1. Bilinmeyenden duyulan korku :Korku filmleri çoğu zaman bilinmeyene dair en derin korkularımız ve kaygılarımızdan yararlanır. İlkel içgüdülerimizden yararlanırlar ve kendimizi savunmasız ve korkmuş hissetmemize neden olurlar.
2. İnançsızlığın ertelenmesi :Bir korku filmi izlediğimizde, inançsızlığımızı bir kenara bırakıp hikayenin dayanak noktasını gerçek olarak kabul etmeye hazırız. Bu, filmin üzerimizde daha güçlü bir etkiye sahip olmasını sağlar ve bizi korkmaya karşı daha savunmasız hale getirir.
3. Atmosfer ve ortam :Korku filmleri genellikle ışık, ses efektleri ve görüntü yönetmenliği kullanımıyla ürkütücü ve rahatsız edici bir atmosfer yaratır. Bu kendimizi gergin hissetmemize ve korkmaya daha duyarlı olmamıza neden olabilir.
4. İlerleme hızı ve gerilim :Korku filmleri genellikle yavaş yavaş gerilim yaratır ve doruk noktasına kadar gerilimi yavaş yavaş artırır.

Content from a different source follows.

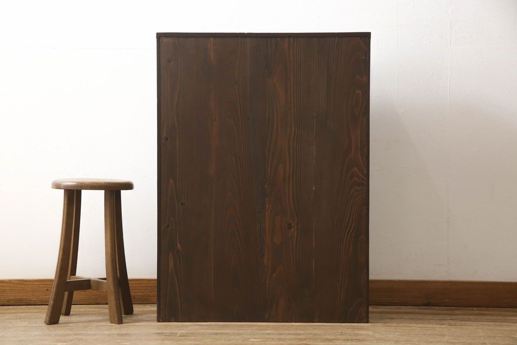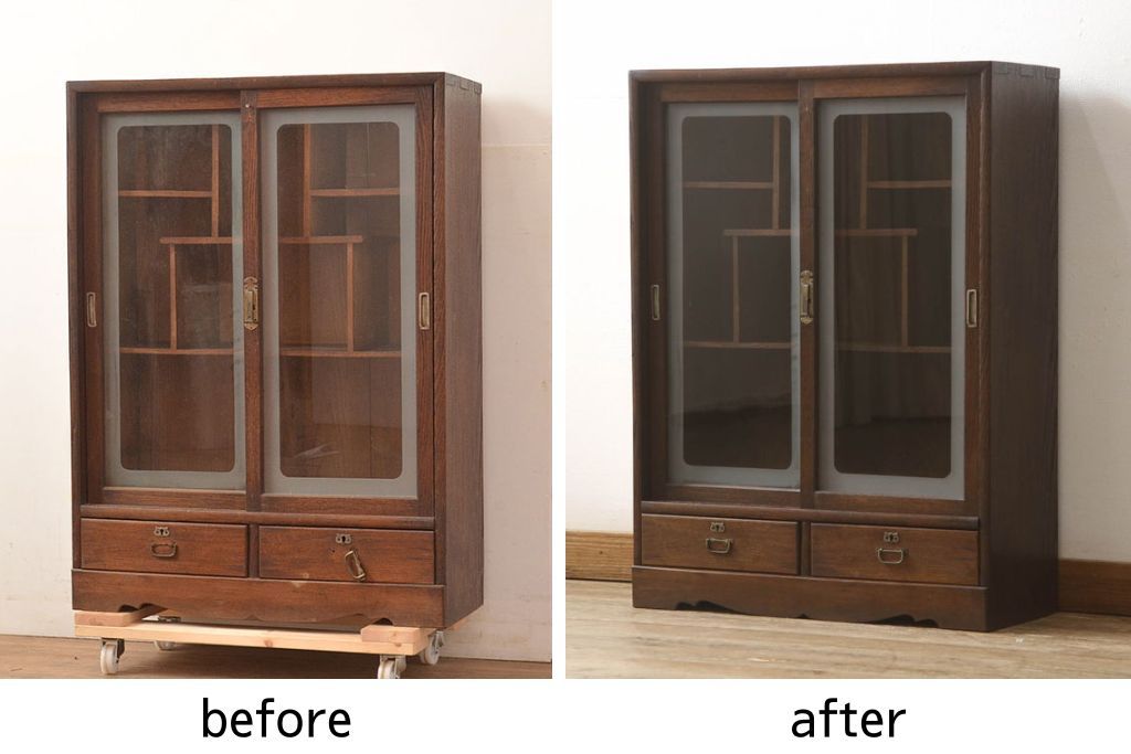 ガラス戸棚をリペア&カスタム!取っ手は似た雰囲気のものに交換。木部は現状の品物に合わせて1トーン程落ち着いた色に着色し、内部棚板・修繕箇所は本体と馴染むように。(飾り棚、収納棚、キャビネット)
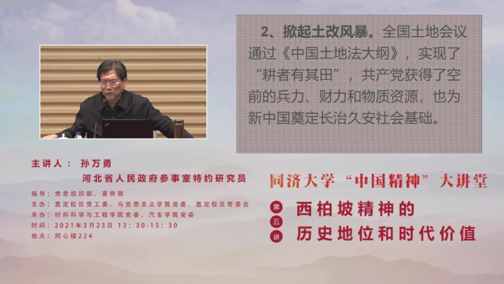 3月23日,同济大学“中国精神”大讲堂第五讲在嘉定校区开讲, 河北省人民政府参事室特约研究员孙万勇教授应邀为师生作了题为《西柏坡精神的历史地位和时代价值》的精彩报告。嘉定校区党工委、材料科学与工程学院党委、汽车学院党委负责人及嘉定校区师生160余人现场听讲。同济大学官方微博、抖音、快手和B站1万余人次同步收看直播。

Bu bizi yerimizin kenarında tutabilir ve adeta kendimizi dışarı atacakmış gibi hissetmemize neden olabilir.
5. Beklenmedik korkular :Korku filmleri genellikle izleyiciyi şok etmek ve ürkütmek için atlama korkularını kullanır. Bunlar bizi korkutmada ve tetikte tutmada çok etkili olabilir.
6. İlişkilendirilebilirlik :Korku filmleri sıklıkla ölüm, şiddet ve hastalık gibi gerçek dünyadaki tehlikelere ilişkin korku ve endişelerimize değinir. Bu onların daha alakalı ve korkutucu hissetmelerini sağlayabilir.
7. Katarsis :Korku filmleri korku ve kaygıyı deneyimlememiz için güvenli bir çıkış noktası sağlayabilir. Bu rahatlatıcı olabilir ve kendi hayatlarımız hakkında daha iyi hissetmemize yardımcı olabilir.